I am reading online scribe notes on linear regression and I am being quite confused (since did not do linear algebra for a while) on how Pythagorean theorem is being applied here:

First of all I am confused of what "cost" is and then how we get from
$$\arg min_x ||A(x-x') - bb'||_2^2 $$ to
$$\arg min_x ||A(x-x')||_2^2 - ||b'||_2^2 $$ ? E.g I need some intuition and mathematical explanation of what is happening here and how Pythagorean theorem is used in vector space.

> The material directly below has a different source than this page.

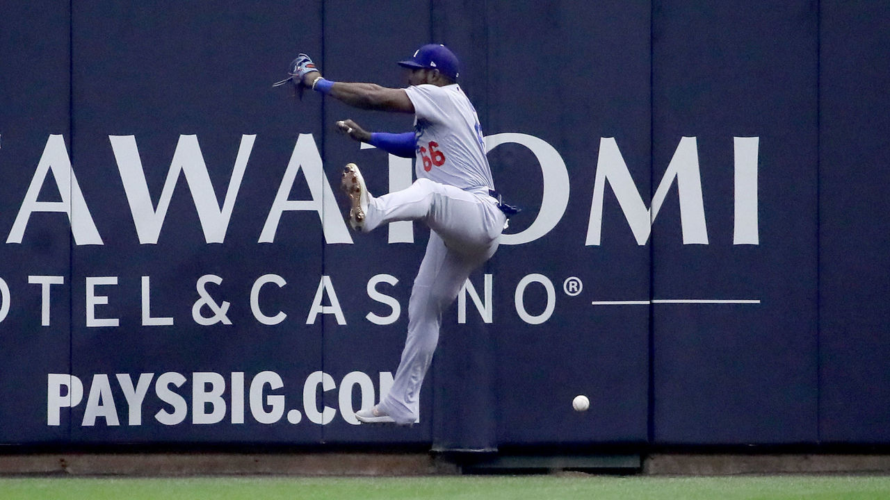 Puig didn't get off to the greatest of starts on Saturday, as he mistimed his jump on a hard line drive from Travis Shaw in the fourth inning. At least the mistake led to a fantastic photo.

Also why $$\arg min_x ||Ax - b||_2 \equiv \arg min_x ||Ax - b||_2^2 $$?
Thank you!
The cost is $\arg\min_x ||Ax-b||_2^2$, and one aims at finding a minimizer $x$.
The "Pythagorean theorem" refers to the fact that
$$||x+y||_2^2 = ||x||_2^2 + ||y||_2^2$$ whenever $x \perp y$.
In general (Hilbert spaces over $\Bbb{C}$), we have
\begin{align} ||Ax-b||_2^2 &= \langle A(x-x') - b', A(x-x') - b' \rangle \\ &= \langle A(x-x'), A(x-x')\rangle - 2\mathop{{\rm Re}}(\langle A(x-x'), b'\rangle) + \langle b',b'\rangle \\ &= ||A(x-x')||_2^2 + 0 + ||b'||_2^2 \tag{$b' \perp A(x-x')$} \\ &= ||A(x-x')||_2^2 + ||b'||_2^2 \end{align}
To address that last problem, observe that for any strictly increasing function $f$, $x < y \iff f(x) < f(y)$ by defintion, so $f(p(x))< f(p(y)) \iff p(x) < p(y)$. Take $f(x) = x^2$ on $[0,\infty)$ to finish the argument.